Wilson continued to perform internationally in operas in the early 1960s; appearing in theatres in the United States, Spain, Portugal, Switzerland, Germany and South America. Other roles she performed on stage included Amina in Vincenzo Bellini's La Sonnambula, Hanna Glawari in Franz Lehár's The Merry Widow, Marie in Donizetti's La fille du régiment, Norina in Donizetti's Don Pasquale, Philine in Ambroise Thomas's Mignon, and the title role in Donizetti's Linda di Chamounix. In 1959 she recorded excerpts of the role of Norina for RCA Records.

==Musical theatre career and later life==
Turning to Broadway, Wilson debuted in the 1965 production of The Yearling with David Wayne. Later that year she took over the role of Golde in the original Broadway production of Fiddler on the Roof from actress Maria Karnilova; and was again seen in that part in 1968–69. She performed in the original casts of two more musicals: portraying Maria Haggerty in Cry for Us All (1970) and Aunt Jenny in I Remember Mama (1979).

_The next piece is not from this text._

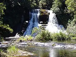 The Āniwaniwa Falls, or Rainbow Falls, are a two-drop waterfall located at northeastern Lake Waikaremoana in New Zealand.[1][2][3]
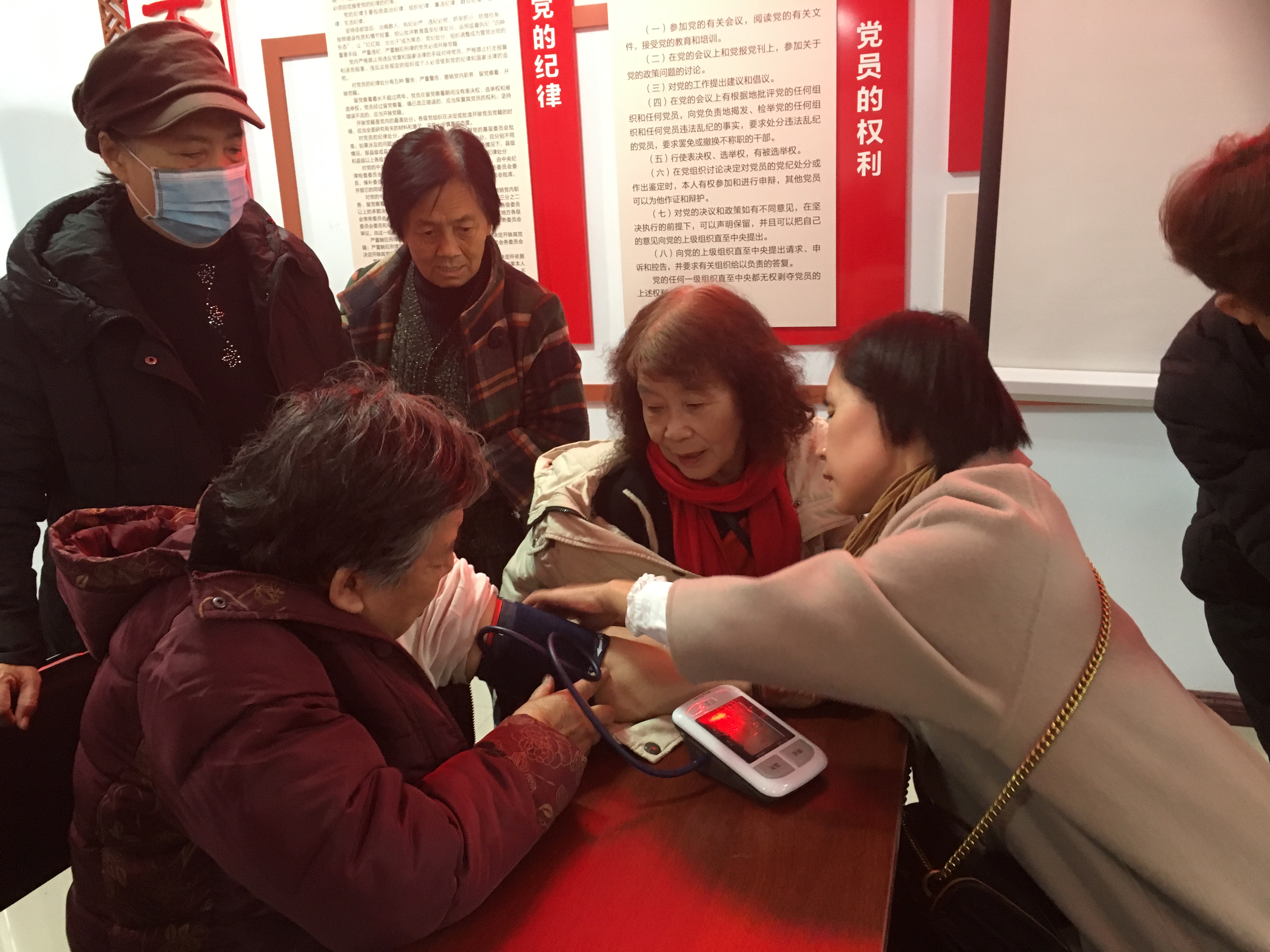 讲座结束后,临床营养师还给居民测血压,解答居民关于健康养生方面的一些疑惑。

In August 1979 she took over the role of Miss Hannigan in the original production of Charles Strouse and Martin Charnin's Annie. Her last appearance on Broadway was in 1983 as Vivian Proclo in the revival of Terrence McNally's The Ritz. She also appeared in productions with numerous regional theaters in the United States.

==Death==
A resident of the Lillian Booth Actors Fund Home in Englewood, New Jersey, Wilson died there at the age of 82 on September 28, 2010, due to natural causes. Both of her marriages had ended in divorce and she left no immediate survivors.